L’arrondissement de Beaune regroupe les finages de Santenay à Vougeot; l’arrondissement de Dijon comprend les finages de La Côte situés au Nord de Vougeot, soit de Chambolle-Musigny jusqu’à Marsannay-la-Côte.

→ Classement de Camille Rodier (1920)

Dans son ouvrage important ‘Le Vin de Bourgogne’, Camille Rodier, co-fondateur, avec Georges Faiveley, de la Confrérie des Chevaliers du Tastevin, écrit « Nous tenons à ce qu’il soit établi que nous n’avons pas cherché à faire un classement nouveau, mais que le travail que nous présentons aux lecteurs résultent de deux classements faisant autorité à des titres différents, savoir … » et il nomme les classements de Jules Lavalle (1855) et du Comité d’Agriculture et de Viticulture de l’arrondissement de Beaune de 1860. Il n’en adapte pas moins de temps à autre ces deux classements, d’autant que les valeurs des climats étaient certainement mieux connues quelques décennies après ceux nommés.

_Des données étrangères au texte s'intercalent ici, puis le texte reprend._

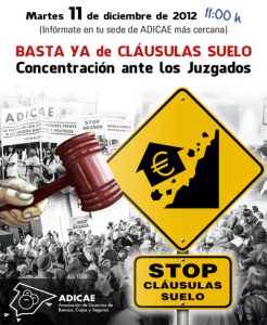 Mañana, martes 11 de diciembre, a las 11.00 horas, la Plataforma Hipotecaria de ADICAE llevará a cabo acciones de denuncia y reivindicación, frente a los juzgados de diversas ciudades españolas, para protestar contra las cláusulas suelo, el retraso judicial y el boicot bancario al que las entidades están sometiendo el proceso.
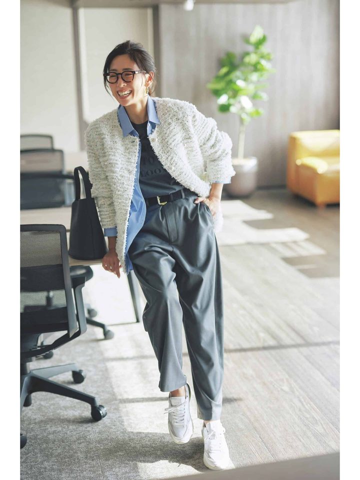 ツイードジャケット¥82,500(デパリエ/デパリエ 伊勢丹新宿店)ペプラムトップス¥23,100(ツル バイ マリコ オイカワ)パンツ¥12,000(PLST)バッグ¥42,900(ジャンニ キアリーニ/ジャンニ キアリーニ銀座店)メッシュパンプス¥13,200(ル タロン/ル タロン 有楽町マルイ店)ネックレス¥63,800(カミーユスロ/オブリオ)バングル¥7,830(アビステ)

Après les classements historiques de Jules Lavalle et du Comité d’Agriculture et de Viticulture de l’arrondissement de Beaune de 18650, le classement de Camille Rodier doit également être considéré tel une référence majeure.
Au sein des Premières Cuvées de son classement, Camille Rodier utilise des majuscules pour faire valoir, sobrement, les climats qu’il considère exceptionnels, ses ‘Têtes de Cuvées’ en quelque sorte; entre autres sur Beaune, les climats Les Bressandes, le Clos de la Mousse, Au Cras, Les Fèves, Les Grèves et Les Marconnets.